7. The hydrogen powered generator of claim 1, wherein the first hydrogen storage unit and the second hydrogen storage unit each have a coupler for injecting hydrogen into and releasing hydrogen from the first hydrogen storage unit and the second hydrogen storage unit.

8. The hydrogen powered generator of claim 7, further comprising a vibration device disposed in the coupler of each of the first hydrogen storage unit and the second hydrogen storage unit.

9. The hydrogen powered generator of claim 1, wherein the first hydrogen storage unit and the second hydrogen storage unit each comprise an inlet coupler and an outlet coupler at opposite ends of the first hydrogen storage unit and the second hydrogen storage unit, wherein the inlet coupler is connected to a hydrogen charging port and the outlet coupler is connected to the at least one fuel cell.
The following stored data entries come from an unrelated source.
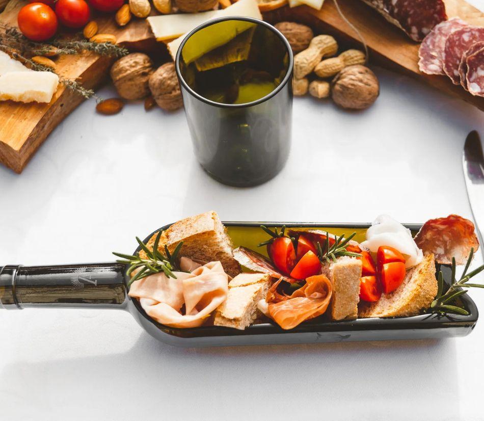 Scopri l'unicità del vassoio con collo di vetro riciclato, un capolavoro di design che fonde estetica e responsabilità ambientale. Realizzato attraverso il taglio longitudinale di bottiglie di vino, questo vassoio non è solo un oggetto di stile, ma un esempio tangibile di come il riciclo possa dar vita a prodotti di elevata qualità.
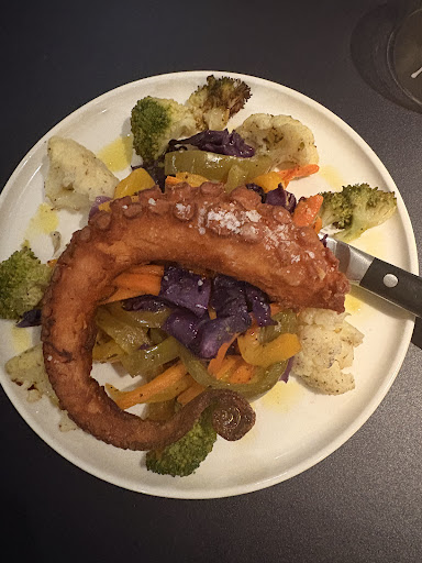 Il menu è ricco e variegato, e nonostante la forte presenza di piatti a base di carne e pesce, sono rimasto colpito dalla cura e dall’attenzione dedicata anche alle proposte vegetariane. Le tapas vegetariane erano un’esplosione di sapori: dagli squisiti peperoni del piquillo ripieni, fino alla tortilla de patatas, tutto perfettamente equilibrato e autentico.
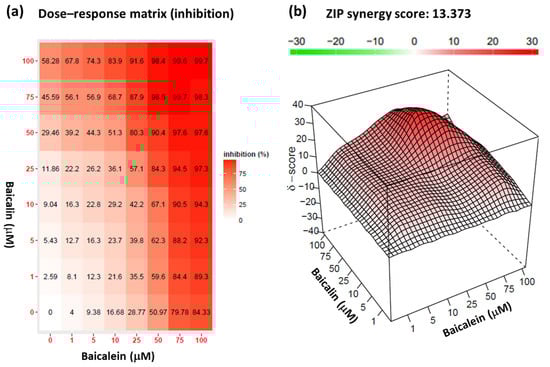 Synergism between baicalin and baicalein. Dose–response map for a synergistic drug combination (baicalein and baicalin) (a). ZIP synergy score map for the same drug combination (b). The interaction results are shown in both 2D and 3D. δ, excess % inhibition beyond the expectation predicted with the ZIP model.
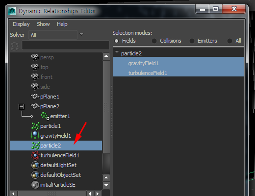22)particle2 오브젝트를 선택하고 particleshape2 노드로 이동합니다.
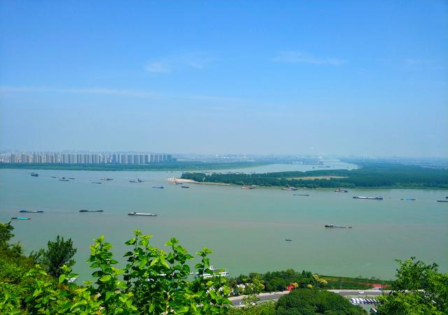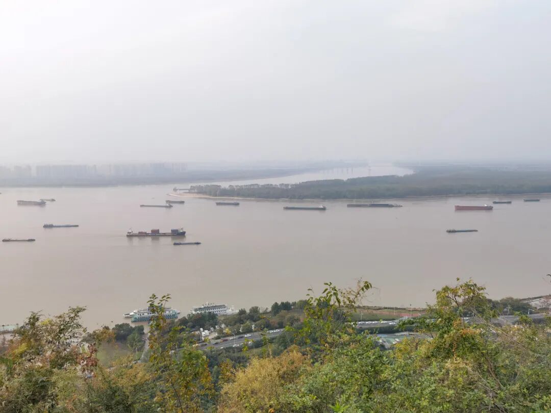 穿过幕府山的山脊来到观景台,可以远远地望见万里长江奔流东去,浩浩荡荡,尽收眼底。
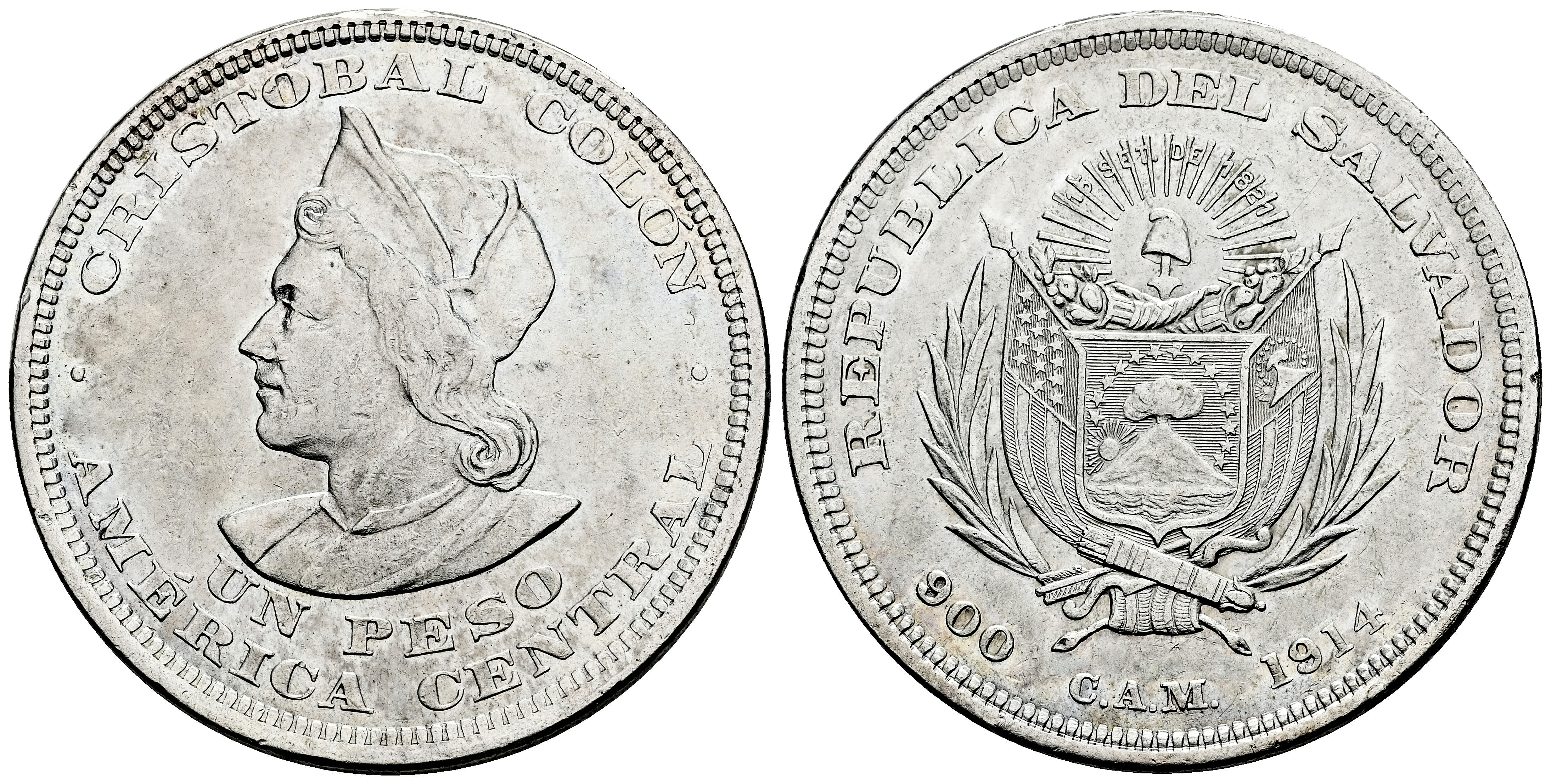 El Salvador. 1 peso. 1914. CAM. (Km-115.2). Ag. 24,84 g. Golpecito en el canto. EBC-. Est...70,00.

10. The hydrogen powered generator of claim 1, wherein the hydrogen storage assembly stores a quantity of hydrogen sufficient to output between 250 kilowatt hours and 2megawatt hours of energy.

11. A hydrogen powered generator comprising:

at least one fuel cell;

a power converter that receives a raw power from the at least one fuel cell and outputs a converted power; and

a hydrogen storage assembly that supplies hydrogen to the at least one fuel cell, the hydrogen storage assembly comprising a first hydrogen storage unit in fluid communication with the at least one fuel cell and a second hydrogen storage unit in fluid communication with the at least one fuel cell, wherein each of the first hydrogen storage unit and the second hydrogen storage unit comprise a storage volume defined by: an outer cylindrical container, an inner cylinder, a top flange attached to the inner cylinder, and a bottom flange attached to the inner cylinder, wherein the storage volume is configured to contain a metal alloy material that absorbs and releases hydrogen gas.

12. The hydrogen powered generator of claim 11, wherein the first hydrogen storage unit and the second hydrogen storage unit are each cylindrical in shape having a height and a diameter, wherein the diameter is at least 1.5 times the height.

13. The hydrogen powered generator of claim 12, further comprising a housing having a base, a top, and at least one side wall, wherein the at least one side wall is contoured to correspond the cylindrical shape of the first hydrogen storage unit and the second hydrogen storage unit.

14. The hydrogen powered generator of claim 11, wherein for each of the first hydrogen storage unit and the second hydrogen storage unit, wherein the metal alloy material fills 50% to 85% of the storage volume.

15. The hydrogen powered generator of claim 11, wherein the top flange and the bottom flange comprise vents through which the hydrogen gas passes.

16. The hydrogen powered generator of claim 11, wherein an outer surface of the inner cylinder is fluted and wherein an inner surface of the outer cylindrical container is fluted.

17. The hydrogen powered generator of claim 11, wherein the first hydrogen storage unit and the second hydrogen storage unit each have a coupler for injecting hydrogen into and releasing hydrogen from the first hydrogen storage unit and the second hydrogen storage unit.

18. The hydrogen powered generator of claim 17, further comprising a vibration device disposed in the coupler of each of the first hydrogen storage unit and the second hydrogen storage unit.

19. The hydrogen powered generator of claim 11, wherein the first hydrogen storage unit and the second hydrogen storage unit each comprise an inlet coupler and an outlet coupler at opposite ends of the first hydrogen storage unit and the second hydrogen storage unit, wherein the inlet coupler is connected to a hydrogen charging port and the outlet coupler is connected to the at least one fuel cell.

20. The hydrogen powered generator of claim 11, wherein the hydrogen storage assembly stores a quantity of hydrogen sufficient to output between 250 kilowatt hours and 2 megawatt hours of energy.